Hi,
With the recent Intel hardware security issues, we did the required patches. However, as it was expected, we faced very hard performance issues (load spiked to 30%-40%). Maybe you already faced such issues in the last two days and you have any suggestion?
Thanks in advance.
Performance issue after kernel upgrade
-
kyang
Re: Performance issue after kernel upgrade
I have seen the news about the Intel Security updates. I'm not entirely sure, but it's certainly possible Intel will be looking into this if everyone is having performance issues.
For this matter, are you still seeing this performance spikes now? Are you running a VM from Windows or a standalone server?
Where is the load coming from, a specific process? What's the output of top? How about any notable logs or is this mainly an "Intel update" thing?
For this matter, are you still seeing this performance spikes now? Are you running a VM from Windows or a standalone server?
Where is the load coming from, a specific process? What's the output of top?
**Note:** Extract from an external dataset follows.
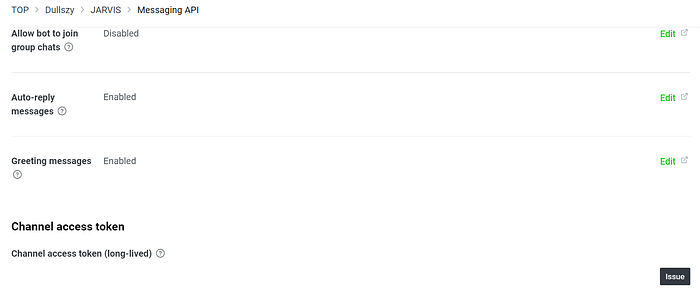 在 Messaging API 底下,要按下右方的「Issue」按鈕才會出現

How about any notable logs or is this mainly an "Intel update" thing?
Re: Performance issue after kernel upgrade
Hi,
from what i know Linux is implementing KPTI (Kernel Page Table Isolation) to mitigate the Meltdown variant of the exploit.
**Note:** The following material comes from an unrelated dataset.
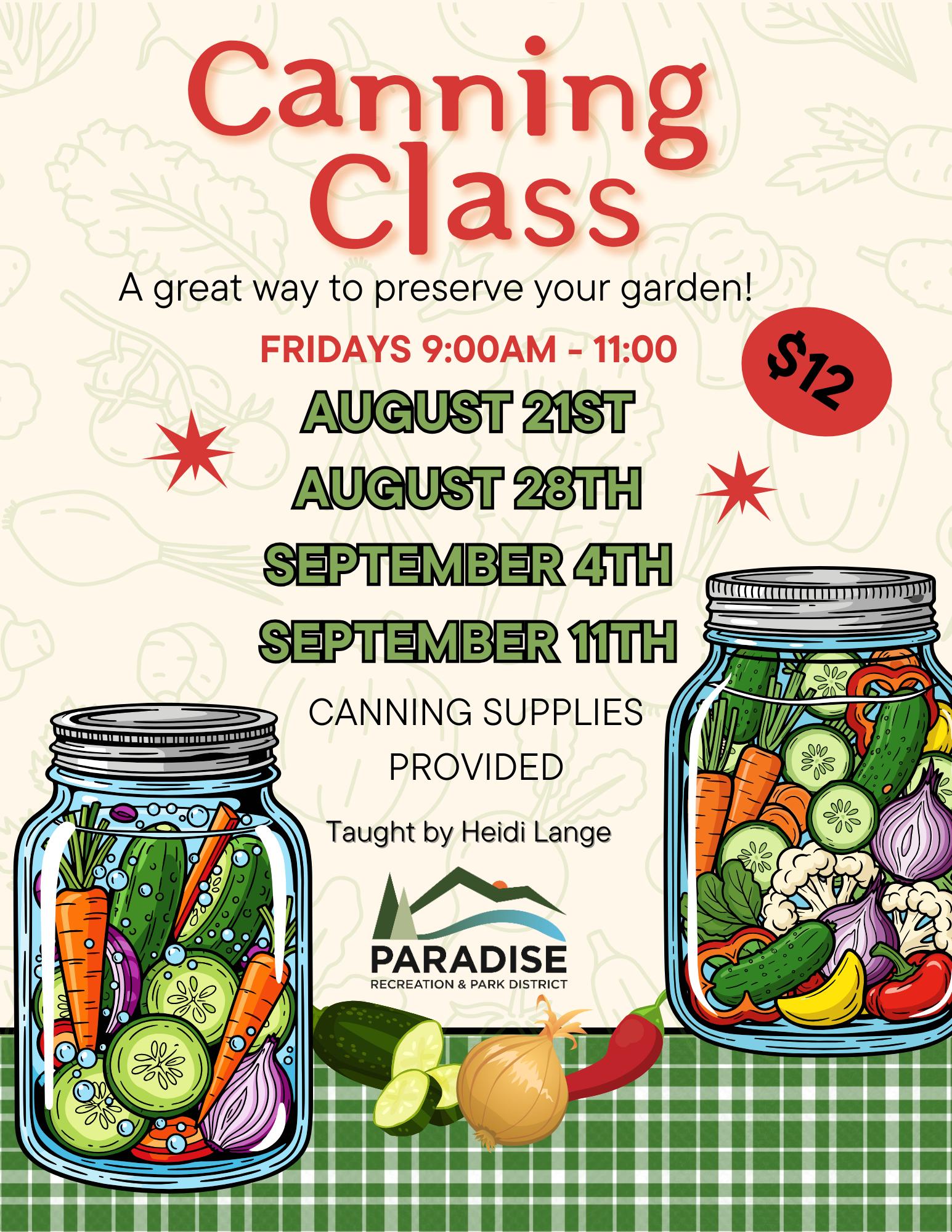 Have you ever wanted to learn how to can/jar your own produce? It’s a great way to preserve your garden harvest to enjoy year-round and increase your family’s food security. This class will teach you the steps and procedures to properly can produce. No equipment or produce is needed for this class. This is a one-day instructional class.

This will in general don't cause significant performance degradation if the processes on the system mostly stay in userspace.
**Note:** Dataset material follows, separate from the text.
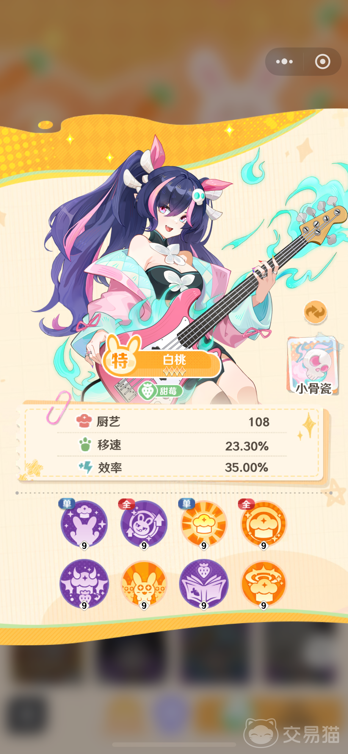 以白桃为例,作为一名橙色品质的高级店员,其厨艺属性高达108,在同类角色中属于顶尖水准。当她上线工作时,不仅能独立承担高强度订单处理任务,还能通过技能机制为整个团队带来增益。搭配她的半生灵“小骨瓷”,可在十二星阶段解锁形态变化,幻化成一把随行之琴,始终伴随左右,象征着主仆之间默契无间的协作关系。若为其配备具有相同特质的能量源,还可进一步激活属性加成效果,全面提升工作效率。
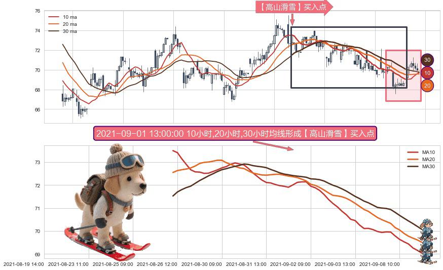 ⚀ 2021-08-26 11:00:00小时-2021-09-08 15:00:00小时显现 10小时-20小时-30小时均线 【高山滑雪】买入点 看多信号,后市看涨,买入

Due to how Nagios operates with a lot of processes, scripts, runtimes being spawned to execute checks i suspect there are
a lot of syscalls happening.
I will quote wikipedia here:
KPTI fixes these leaks by separating user-space and kernel-space page tables entirely. On processors that support the process-context identifiers (PCID), a translation lookaside buffer (TLB) flush can be avoided,[4] but even then it comes at a significant performance cost, particularly in syscall-heavy and interrupt-heavy workloads
This is the reason i haven't upgrades the OS in our environment. We can't afford to slow down our Nagios System.
Kind regards
from what i know Linux is implementing KPTI (Kernel Page Table Isolation) to mitigate the Meltdown variant of the exploit.
This will in general don't cause significant performance degradation if the processes on the system mostly stay in userspace.
Due to how Nagios operates with a lot of processes, scripts, runtimes being spawned to execute checks i suspect there are
a lot of syscalls happening.
I will quote wikipedia here:
KPTI fixes these leaks by separating user-space and kernel-space page tables entirely. On processors that support the process-context identifiers (PCID), a translation lookaside buffer (TLB) flush can be avoided,[4] but even then it comes at a significant performance cost, particularly in syscall-heavy and interrupt-heavy workloads
This is the reason i haven't upgrades the OS in our environment. We can't afford to slow down our Nagios System.
Kind regards
Re: Performance issue after kernel upgrade
reincarne, Can you tell us how many Hosts and Services you are monitoring? And perhaps some hardware info regarding your Nagios server?
I'm just a fellow admin. I patched a 5.4.11 XI Linux server today running a very light load of about 200 host and services combined. (Centos 7 VM, 8 Intel Xeon cores, 8gb RAM). This particular server hasn't shown any hint of slowness. It would be helpful to hear what load and hardware specs might see some.
Thanks!
I'm just a fellow admin. I patched a 5.4.11 XI Linux server today running a very light load of about 200 host and services combined. (Centos 7 VM, 8 Intel Xeon cores, 8gb RAM). This particular server hasn't shown any hint of slowness. It would be helpful to hear what load and hardware specs might see some.
Thanks!
-
dwhitfield
- Former Nagios Staff
- Posts: 4583
- Joined: Wed Sep 21, 2016 10:29 am
- Location: NoLo, Minneapolis, MN
- Contact:
Re: Performance issue after kernel upgrade
Obviously we're duck-taping a hole in the boat, but taking a look at https://assets.nagios.com/downloads/nag ... ios-XI.pdf is better than nothing until Intel gets their chip together.
Re: Performance issue after kernel upgrade
Hi,
For those who are using AWS service - we solved it a day after by creating HVM machine and we are stable since then.
About number of hosts - 1700
Services - 30000
For those who are using AWS service - we solved it a day after by creating HVM machine and we are stable since then.
About number of hosts - 1700
Services - 30000
-
dwhitfield
- Former Nagios Staff
- Posts: 4583
- Joined: Wed Sep 21, 2016 10:29 am
- Location: NoLo, Minneapolis, MN
- Contact:
Re: Performance issue after kernel upgrade
@reincarne, as OP, do you think this is ready to lock up? If not, what other questions do you have?